Agent Romanoff had offered to tag along, turned out Steve politely turning down her offer and coming here alone was the right decision, for it would be a waste of time, her time. The base was recently empty. Whoever was here, left in a hurry. "Damnit," Steve cursed under his breath. He was so close it was frustrating. They knew he was coming, then.

Though Steve wouldn't just leave. He didn't go through all the trouble coming here just so he could leave the minute he realized it was yet another dead end. There were doors. Rooms. The place was basically a maze, and even if HYDRA took everything that might help Steve track them down, Steve thought it wouldn't hurt checking. With his shield held up in front of him, Steve started with the closest room on his left.

He was... irritated. He didn't know what he hoped to find, but he hoped he would find something. So far, after thoroughly examining room after room, the Captain had no luck. The last room at the end of the corridor proved this little trip of his was, indeed, a total waste of time.

There was nothing. Not a living soul. Not a single thing that would be useful or even interesting. Just garbages. HYDRA may have left in a hurry, but they did manage not to leave anything important behind. Steve sighed, he hated feeling defeated, but right now he felt just that. That no matter how fast he ran, his enemies were always one step ahead and he was so damn exhausted.

But it was what it was. They were smart, and, as much as Steve hated to admit, perhaps smarter than him. He was on his way out when his foot stepped on something. A floor, of course it was a floor, except it cracked underneath his weight and it shifted just slightly, just enough for Steve to feel it through his boot. What the hell, Steve crouched down, there was a rug. There wasn't a rug anywhere in the base except here on the spot. Which could mean nothing, but Steve got a strange feeling in his chest that it was something.

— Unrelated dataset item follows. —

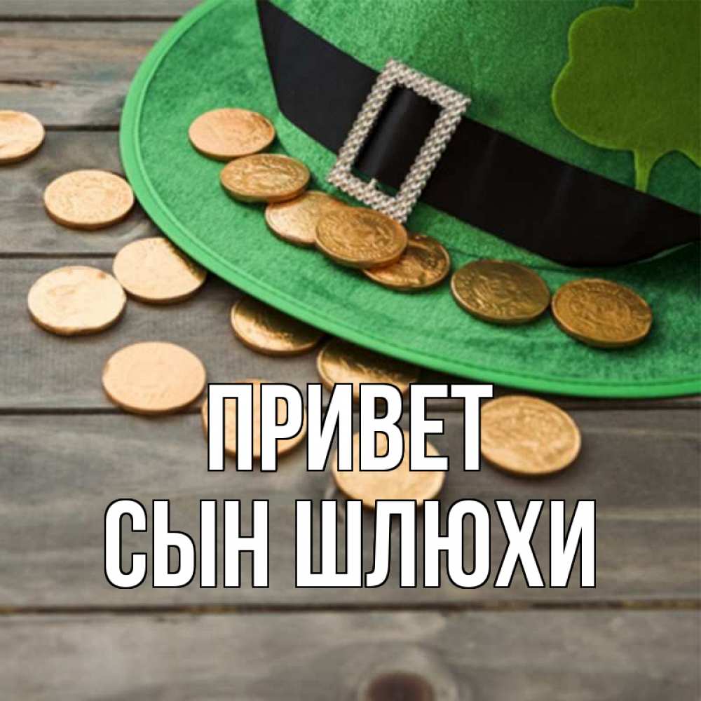 Открытка Привет Сын шлюхи. зеленая шляпа. монеты

He pulled the rug away, and if he could, he might just jump around and cry tears of joy. The spark of hope flared up in Steve's chest. His little trip might not be a waste of time, after all. There was a door. A secret door on the floor that he figured would lead into yet another underground level, deeper into the ground than this underground base Steve already was in.

There was a lock attached to it. Steve gave it a light tug, just to measure its ability. It wasn't really a problem, it would be a problem for someone without the serum - Steve had been given, injected into their bloodstream that rendered them God-like strength. Once the light tug failed, Steve gave it a hard yank and, just like expected, the lock gave out and so was the door, creaking open with nothing more to shelter whatever secret it might hold.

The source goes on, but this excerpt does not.